Personal information
- Born: 27 September 1929
- Died: 6 February 2021 (aged 91)

Playing information
- Height: 5 ft 10 in (1.78 m)
- Position: Utility Back
Club
| Years | Team | Pld | T | G | FG | P |
| 1948–50 | Easts (Sydney) | 50 | 12 | 9 | 0 | 54 |
| 1951–54 | Souths (Toowoomba) |  |  |  |  |  |
| 1955–56 | Fortitude Valley |  |  |  |  |  |
| 1957–59 | North Sydney | 30 | 10 | 2 | 0 | 34 |
|  | Total | 80 | 22 | 11 | 0 | 88 |
Representative
| Years | Team | Pld | T | G | FG | P |
| 1951–55 | Queensland | 16 | 7 | 0 | 0 | 21 |
| 1953–57 | Australia | 12 | 8 | 0 | 0 | 24 |
| 1953 | American All Stars |  |  |  |  |  |

= Ken McCaffery =

Australian rugby league footballer (1929–2021)

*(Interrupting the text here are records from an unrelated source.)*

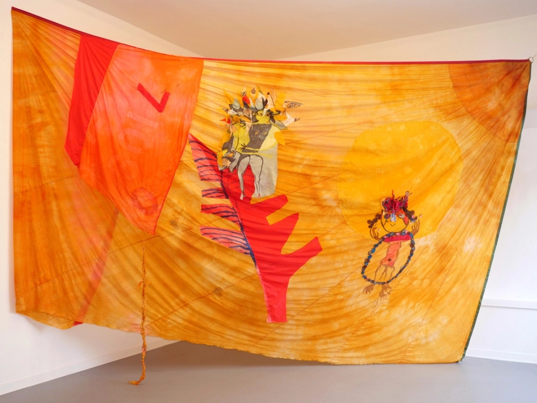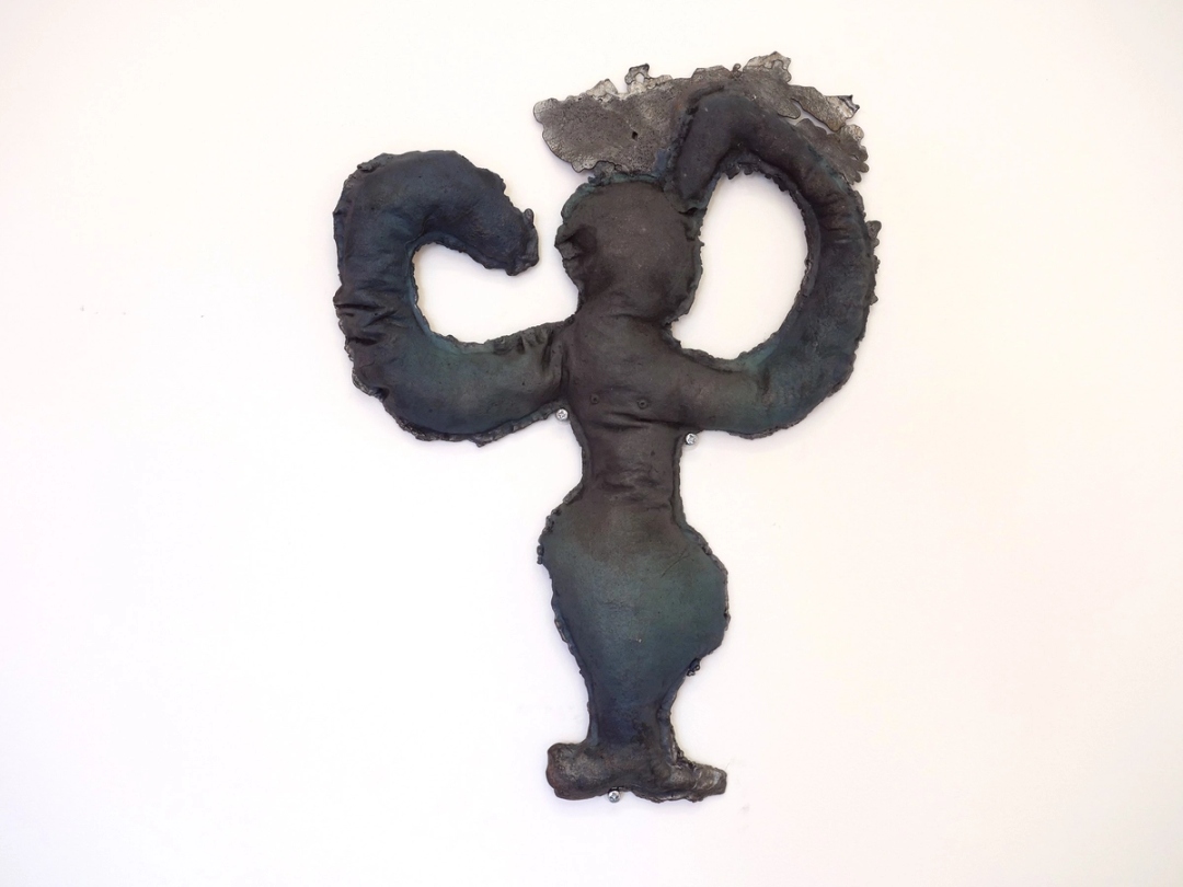 Ettun (b. Jerusalem, Israel, 1982) uses textile, drawings, sculpture, video and performance to examine somatic empathy, trauma-healing modalities, and ritual. Her recent work centers on Lilit, an aerial spirit demon with origins in Sumerian, Akkadian, and Judaic mythology. In the 2nd – 7th centuries, artist-healers created spells, drawings, and talismanic objects to trap demons like Lilit, who was characterized as a dangerously sexual female entity, and appeared frequently on incantation bowls used in protective rituals. Enthralled by the images inscribed on these ancient objects, Ettun began studying their vocabulary and eventually, developed her own language that revives these practices through a contemporary feminist lens, subverting Lilit’s misogynistic archetype and revamping her image as an Empathic Demon.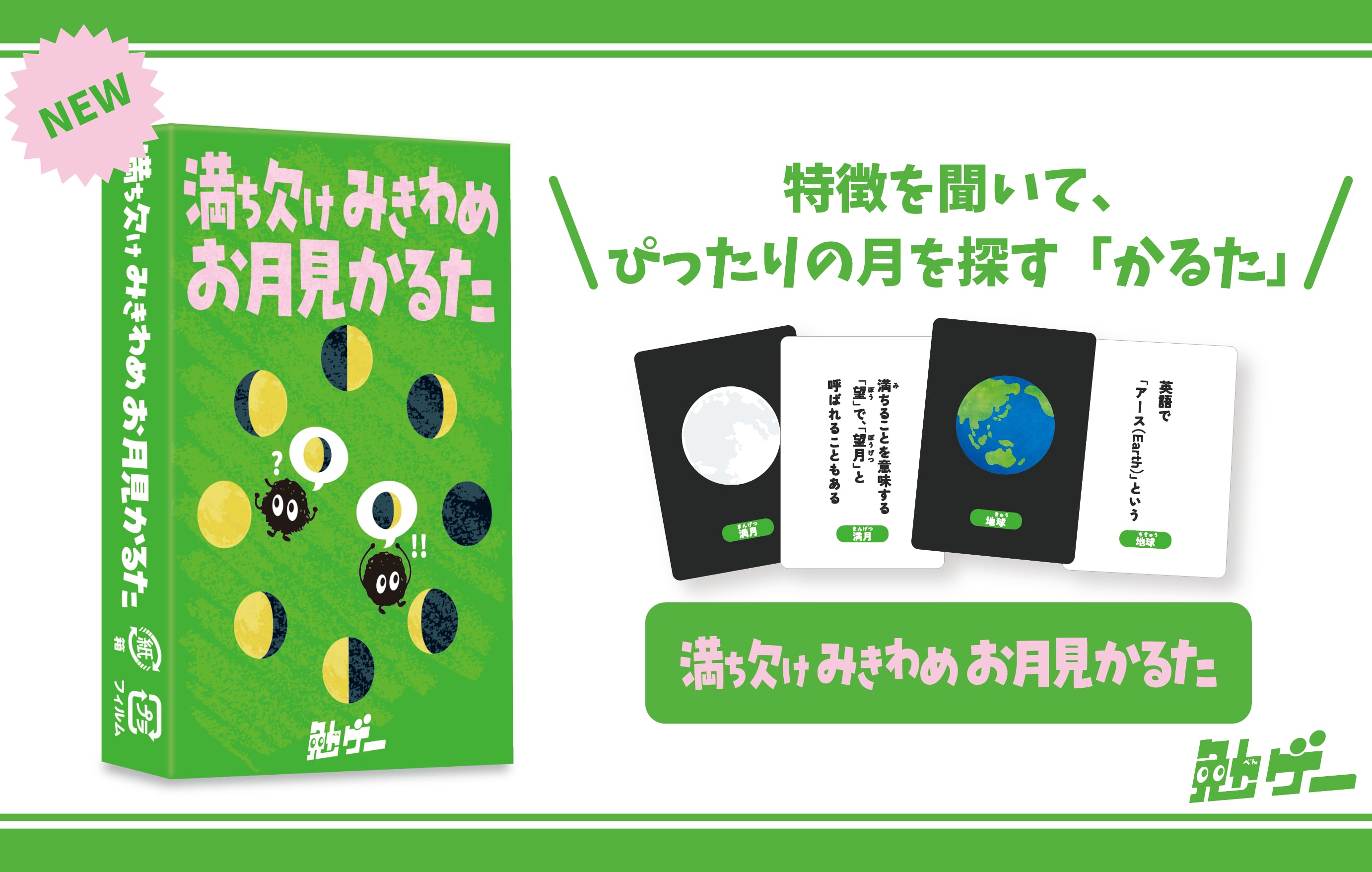 「新月」「三日月」「上弦の月」「満月」—地球や太陽との位置関係から、月の満ち欠けをみきわめよう。月の形や名前をすばやく言えるようになり夜空を見上げるのが楽しみになるお月見カードゲーム。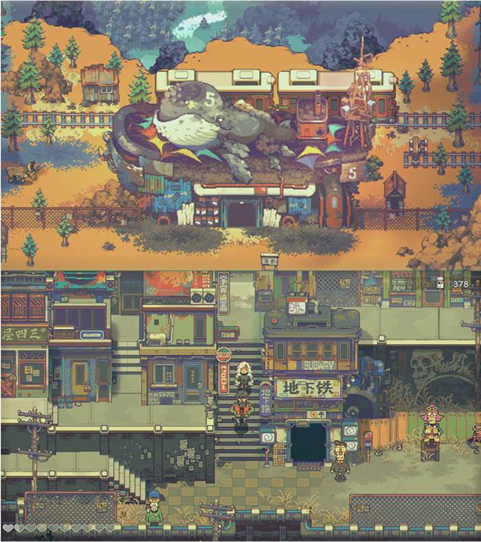 看起来有些反主流的《风来之国》是一款像素风格冒险角色扮演游戏,玩家将控制矿工大叔约翰和神秘小女孩珊从地下世界来到地表,展开一场环游世界的冒险。视觉效果是这款游戏的最大亮点,正如游戏开局的画面那样,在复古8bit风(也叫芯片音乐)音乐中,精致的2D世界在眼前徐徐展开。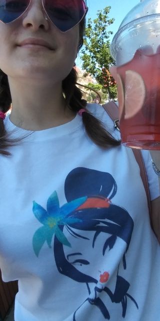 Great t-shirt! Very satisfied! The picture, however, is somewhat blurred, but i think it's an artistic design) the product is in itself an oversize, so even the smallest size will not sit in the head. It came in two with a small week, there was no smell, thread too! I take 2 more t-shirts for my mother))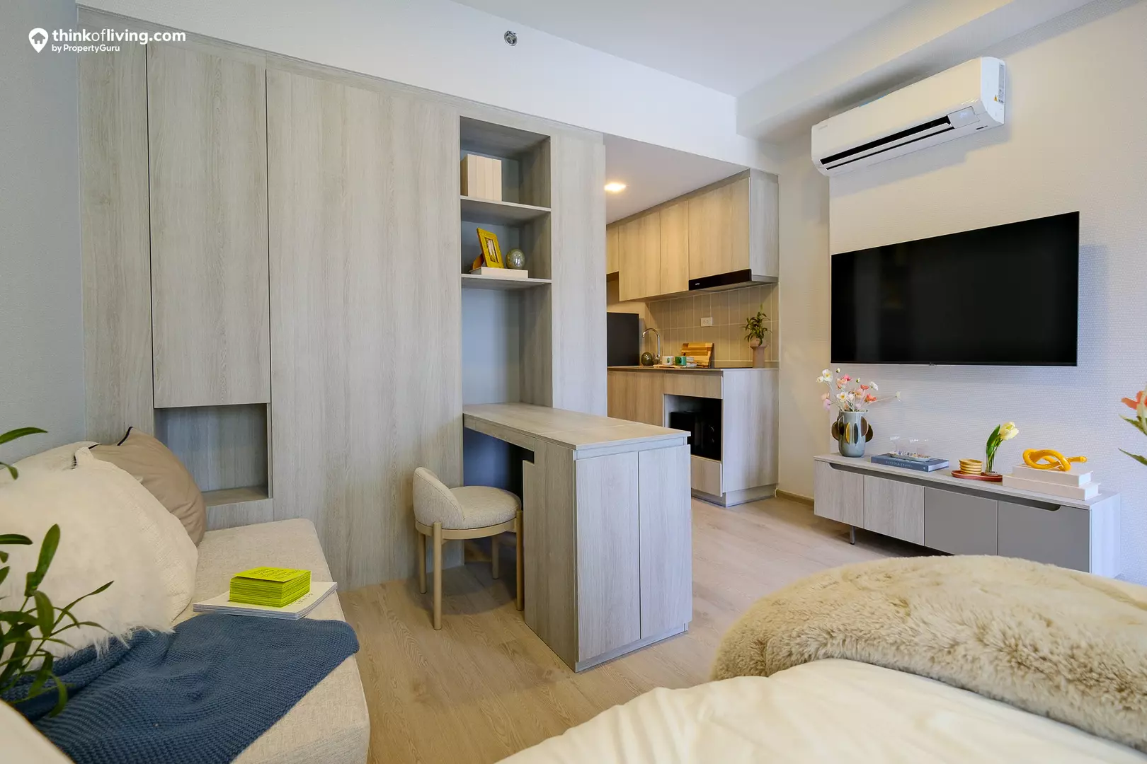 รูปแบบการขายเป็น Fully Furnished ตกแต่งพร้อมเข้าอยู่ ที่โดดเด่นเลยคือ เฟอร์นิเจอร์ที่ได้เป็นแบบ Flexible สามารถปรับเปลี่ยนการใช้งาน พับเก็บได้ ช่วยเพิ่มพื้นที่เก็บของได้เยอะ เหมาะกับชาวคอนโดที่ไม่อยาก Built – in หรือซื้อเฟอร์นิเจอร์เพิ่ม ซึ่งไม่ใช่ทุกโครงการที่จะให้เฟอร์ฯ ที่ตอบโจทย์ชาวคอนโดได้ขนาดนี้นะคะ

Ken McCaffery (27 September 1929 – 6 February 2021) was an Australian professional rugby league footballer, commentator and administrator. As a player, he was an Australian national and Queensland state representative back. He played his club football in Sydney, Toowoomba and Brisbane. After playing, McCaffery became a radio and television commentator for the game and later an administrator for the North Sydney Bears.

==Playing career==
McCaffery started playing first grade rugby league with Sydney's Easts club in the New South Wales Rugby Football League premiership in 1948. After three seasons with them, he was persuaded to move to Toowoomba by legendary Queensland footballer Duncan Thompson. In his first year playing in Toowoomba, McCaffery was selected to represent Queensland. The following year, he was selected to play for the Kangaroos, appearing in his first test in 1953 and playing for Australia in the 1954 World Cup. He moved to the city to play in the Brisbane Rugby League premiership with the Fortitude Valley club in 1955. Having become Queensland captain, McCaffery returned to Sydney to play with Norths from 1957. That year, he was part of the 1957 World Cup-winning Australian side. He lent his vast experience to the Norths club but suffered a shoulder injury and retired after two seasons.

==Post-playing career==
Post-playing, McCaffery became a commentator with Channel 9, school's liaison officer for the NSWRFL and assistant secretary to the NSWRFL before being approached to take on the club secretary role at Canterbury after the 'coup' of 1969. A decade later, he moved back to Norths as club secretary. Credited with bringing Mark Graham and Mitchell Cox to the club, he also battled to improve the image and financial position of the Bears. In 1982, McCaffery sacked successful coach Ron Willey and later appointed Greg Hawick, who had not coached in Sydney for almost 20 years. Hawick resigned in 1985 and McCaffery was voted out of office the following year. Ken later retired and became a publican in Lismore.

He died in February 2021 at the age of 91. His son Paul also played for Norths in the 1980s.